Découvrez le patrimoine vitré de nombreux édifices grâce à la Route du vitrail (route-vitrail.fr). Un outil mis en place par le Département de l'Aube au travers de la Cité du Vitrail (Troyes) : lieu d'exposition, de recherche, de pédagogie et de transmission de la connaissance sur le patrimoine vitré, unique en France.
La fondation de la collégiale Saint-Urbain est l’œuvre du troyen Jacques Pantaléon, fils d’un modeste savetier, qui lors de son accession au pontificat sous le nom d’Urbain IV en 1261, voulut honorer sa ville en construisant sur l’échoppe de son père une église régie par un chapitre, dépendant directement de la papauté et consacrée au pape martyr saint Urbain.
L’histoire de sa construction est chaotique. Le chœur et le transept sont construits rapidement à la fin du XIIIe siècle. Après un siècle d’abandon, les travaux reprennent et les parties basses de la nef et de ses collatéraux sont achevées avant la consécration de l’édifice en 1379. La nef est simplement plafonnée. Ce n’est que près de cinq siècles plus tard que des travaux de restauration et de reconstruction sont entrepris. La période de 1876 à 1905, intense, voit se terminer l’édifice.
Tout est harmonie dans l’église Saint-Urbain, dont le chœur et l’abside constituent un écrin de lumière : l’architecture, réduite à ses éléments structuraux, laisse la place à d’immenses baies qui montent jusqu’au niveau des voûtes. Les verrières laissent entrer la lumière à flot, tout en la tamisant. Les sculptures complètent cet ensemble de légèreté, de grâce et de douceur comme la Vierge au raisin du début du XVIe siècle.
Datés vers 1280, les vitraux du chevet, sur deux étages, apportent énormément de clarté par leur composition sur fond de grisaille rehaussée de filets et de fermaillets colorés. Dans les fenêtres hautes, la grisaille est coupée par une litre composée de grands personnages sur panneaux colorés bleus ou rouges, représentant les prophètes et patriarches de l’Ancien Testament. Ces panneaux sont entourés d’une large bordure héraldique, assez rare pour le XIIIe siècle. Dans la partie inférieure, de petits panneaux carrés, de qualité inégale, consacrés à la Passion du Christ, sont insérés au centre de la grisaille.
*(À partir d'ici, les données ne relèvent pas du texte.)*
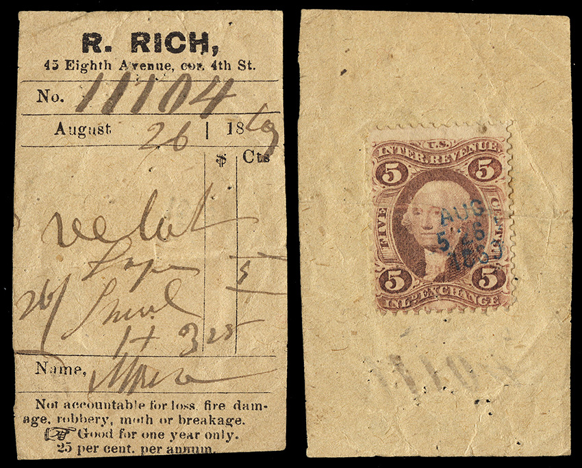 Scott #26, demonetized at this point, used illegally as a revenue stamp on an 1869 estate receipt, with an R24c on the reverse paying a certificate tax for a court filing.

Les restaurations du XIXe siècle sont très étendues. Entre 1876 et 1906, les restaurations sont confiées à Vincent-Larcher puis, après sa mort en 1894, à Edouard Didron le Jeune. Ce dernier périt en 1902 et son travail est terminé par Jean-Baptiste Anglade. Les suppressions et déplacements de panneaux sont fréquents pour réorganiser l’ordre iconographique à cette époque.
En 1982, des désordres importants apparus dans l’abside de l’édifice poussent à déposer les baies. Entreposés ensuite dans l’annexe du trésor de la cathédrale, ces vitraux ont été restaurés puis réintégrés par l’atelier Vinum à la fin des années 1990.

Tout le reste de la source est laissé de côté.